The 35th Infantry, stationed at Nogales, requested reinforcements. Buffalo Soldiers of the 10th Cavalry, commanded by Lt. Col. Frederick Herman, came to their aid from Camp Stephen Little, located just north of Nogales. Herman ordered an attack south of the border to secure the Mexican hilltops overlooking the Sonoran border town. Defensive trenches and machine gun emplacements had been seen being dug on those hilltops during the previous weeks. Herman wanted his forces to occupy the position before Mexican reinforcements got there. In the frenzy of the unexpected battle, armed Mexican civilians stormed the home of Gen. Álvaro Obregón on International Street and used its sturdy stone walls as a strongpoint from which to fire at U.S. targets. Although the important Mexican revolutionary general (and future President) was not home, his terrified family was, and as a sign of the links between the two cities of Nogales, were personally escorted to the home of relatives on the U.S. side by the U.S. Consul in Nogales, Sonora, E.M. Lawton.

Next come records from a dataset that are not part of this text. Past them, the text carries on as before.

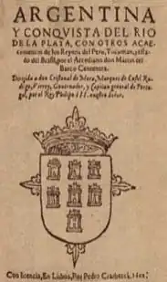 Page de garde de la première édition du poème La Argentina de Martín del Barco Centenera, 1602
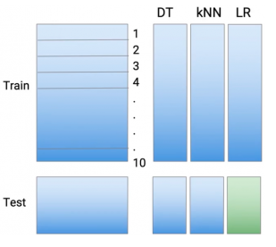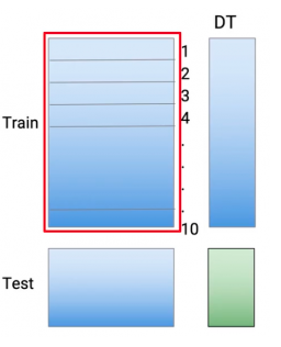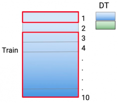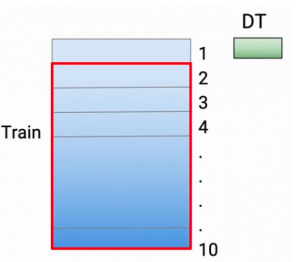 Tại đây, 9 phần sẽ được sử dụng để huấn luyện base-models và predicted trên phần còn lại, ở đây, base-model đầu tiên được sử dụng là Decision Tree. Đầu tiên từ phần 2-10 sẽ được huấn luyện với Decision Tree và predicted trên phần thứ 1
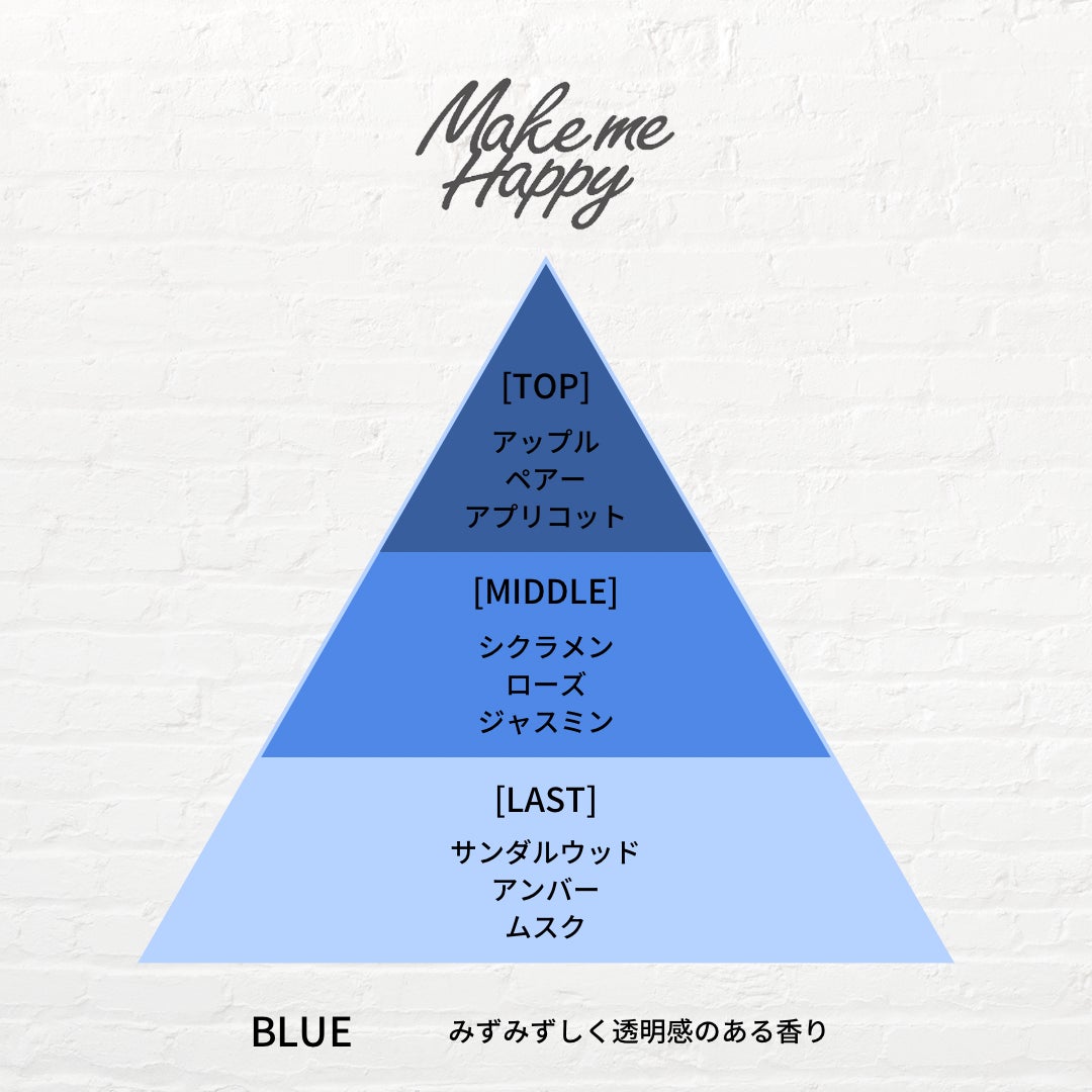 TOP:アップル、ペアー、アプリコット MIDDLE:シクラメン、ローズ、ジャスミン LAST:サンダルウッド、アンバー、ムスク

Under heavy fire, the U.S. infantry and dismounted cavalry crossed the border through the buildings and streets of Nogales, Sonora. Members of the 10th Cavalry advanced through a building in the red-light district of the Mexican border town where many of the "frightened señoritas" recognized them, according to First Sgt. Thomas Jordan of the 10th Cavalry. Jordan remarked, "I got a laugh when one them spoke to a trooper, saying 'Sergeant Jackson! Are we all glad to see you!' But we did not have time to tarry for the soldier to alibi his acquaintanceship." As the troops advanced into the city, many of these women ventured out with bedsheets marked with impromptu red crosses in an effort to rescue persons wounded in the fighting. Two of the brave women ignored their own wounds to help rescue their fellow citizens. American civilians and women helped in rescuing the wounded on the American side. One American soldier received an award from the American citizens for his actions in saving noncombatants who had been wounded, despite being wounded himself.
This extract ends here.